For the five-study site experimental design, ANOVA revealed that the differences in LST values were statistically significant, as indicated by the predominantly very high F-statistic values in Table 3, all of which were very highly significant (p < 0.001). On a given Landsat image date, the woodland parcel’s mean LST was slightly lower than the grass parcel mean LST in the same location context (i.e., urban woodland versus urban grass, peri-urban woodland versus peri-urban grass), and the wetland was cooler than all other vegetation parcels. Table 3 shows that the urban vegetation parcel’s mean LST was statistically significantly higher than that of its equivalent peri-urban parcel (i.e., urban woodland versus peri-urban woodland, urban grass versus peri-urban grass). The anomaly was on 31 May when the differences were not statistically significant.

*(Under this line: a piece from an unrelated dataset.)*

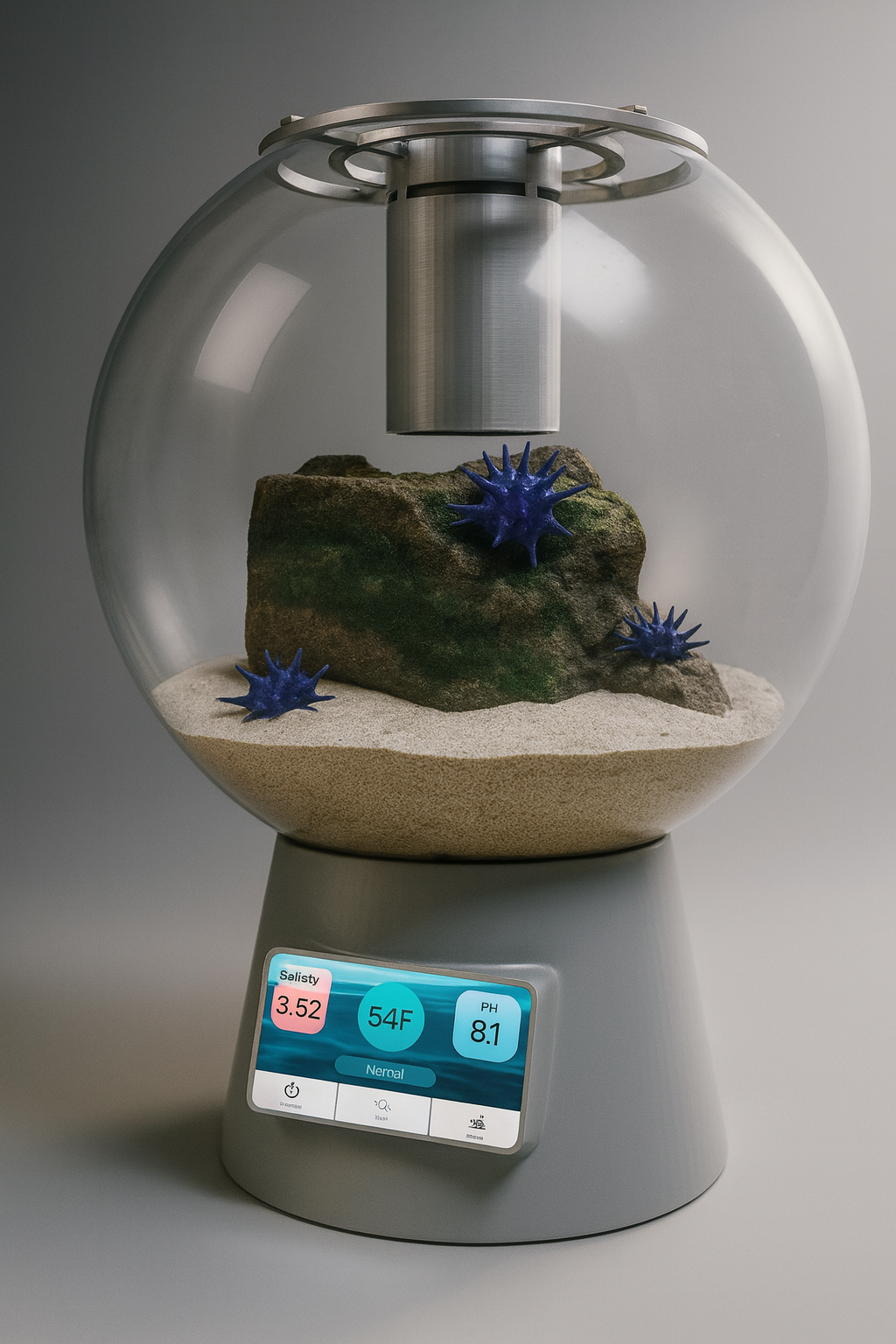 Tank – 18" clear acrylic sphere with 360° viewing.
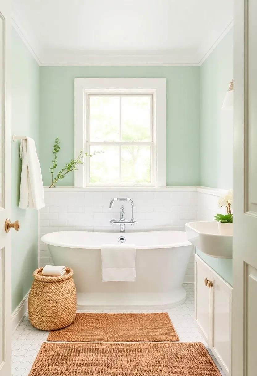 Transform your small bathroom into a serene haven by embracing the soothing palette of seafoam green and crisp white. This combination echoes a seaside retreat, where the gentle waves mix seamlessly with the soft sand. Painting your walls a tranquil seafoam green creates a sense of depth and calm, while bright white accents — from the trim and cabinetry to the bath linens — keep the space feeling airy and fresh. Consider adding elements such as a white freestanding bathtub or a sleek glass shower enclosure to enhance the modern appeal of this color scheme.

Detection of phenology event dates by the vegetation indices
MOD13Q1 vegetation indices
Figure 3 shows the trends in the NDVI and EVI at the five studied vegetation parcels from all 2023 MOD13Q1 images of the study area. The EVI values were lower than the NDVI values. For any pixel, the EVI value was approximately 60% of its NDVI equivalent. The detection of phenology events also differed slightly between the EVI and the NDVI. The NDVI seemed to indicate the SOS and peak vigour approximately one 16-day period later than the EVI (Fig. 3). Given the problems with the sensitivity of the NDVI (susceptibility to background soil reflectance, saturation at high biomass), the phenology change dates that were detected by the EVI were considered more accurate. They were, therefore, used for the comparison with the phenology change detections by the OLI-derived vegetation indices.
Vegetation indices from Landsat OLI images
Figure 4 shows the trends in the NDVI and SAVI values for the five studied vegetation parcels from all the cloud-free Landsat OLI_TIRS and OLI_TIRS-2 images of the study area in 2023. The NDVI values were lower than the SAVI values. For any pixel, the NDVI value was approximately 67% of its SAVI equivalent. The two VIs had similar detections of the dates of phenological events (Table 4). However, the magnitudes of the SAVI values were considered more reliable indicators of vegetation vigour, given the improved sensitivity of the SAVI over the NDVI.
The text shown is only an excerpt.